This repository contains the pipleines that power the GLAMR database.
GLAMR is designed to be a centralized resource housing Great Lakes omics datasets analyzed with standardized pipelines and integrated with environmental data.
GLAMR
├── code (scripts)
├── pypelib (Python modules)
├── config
│ ├── conda_yaml (for installing software dependencies)

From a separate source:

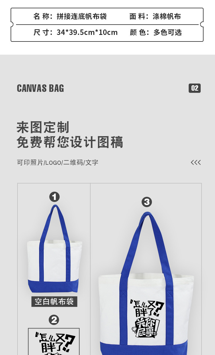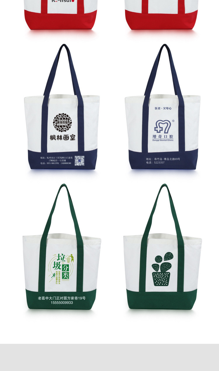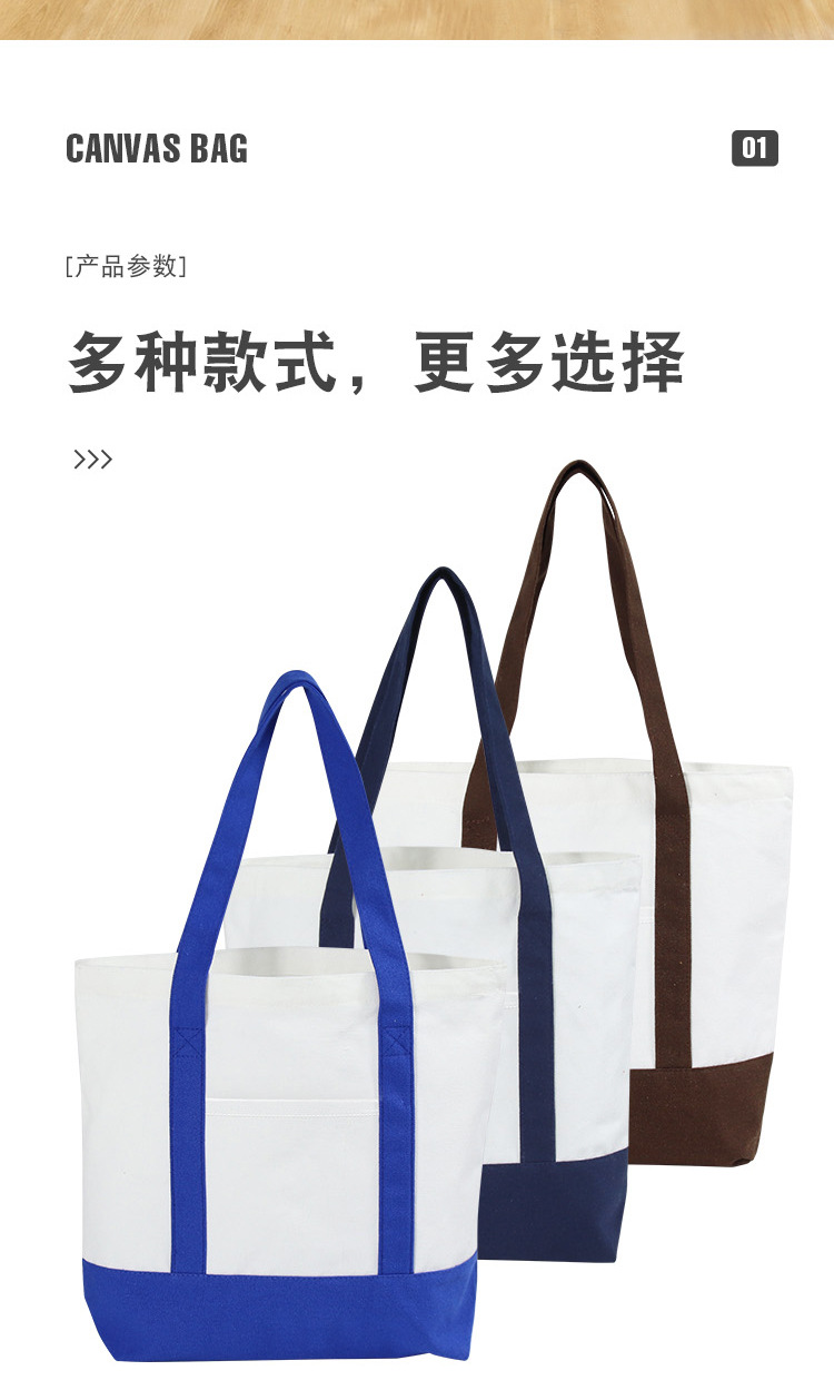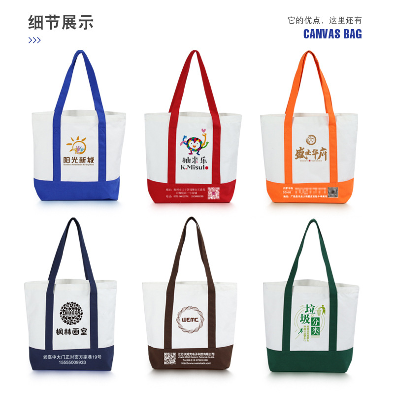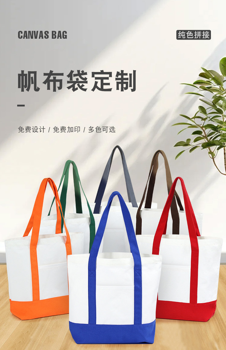 彩色手提拼接帆布袋定 制logo手提纯色帆布包可折叠收纳布包定 做

│ └── profiles (for snakemake)
├── data
│ ├── omics [primary data directory]
│ │ └── {sample_type}
| | └── {sample_directories}
│ ├── projects [links to directories in the data/omics folder]
| | └── project_name
| | └── {sample_type}
| | └── {symlinks to sample_directories}
│ ├── reference
│ │ ├── amplicons
│ │ ├── genomes
│ │ ├── MAGs
│ │ └── UMRAD
│ ├── sample_metadata
| └──environment
├── ReadMe.md
└── Snakefile
Snakemake is used extensively to manage the workflows used in this database. A conda environment including dependencies required to execute the pipeline can be found at config/conda_yaml/snakemake.yaml and can be installed with:
conda env create -f config/conda_yaml/snakemake.yaml
And activated with:
conda activate snakemake
Individual rule dependencies are managed with conda and singularity (primarily for R code). To use snakemake's dependency management, it must be run with --sdm conda apptainer. Running snakemake with profiles that can be used to specify a commonly used set of otions like this is encouraged, examples can be found here.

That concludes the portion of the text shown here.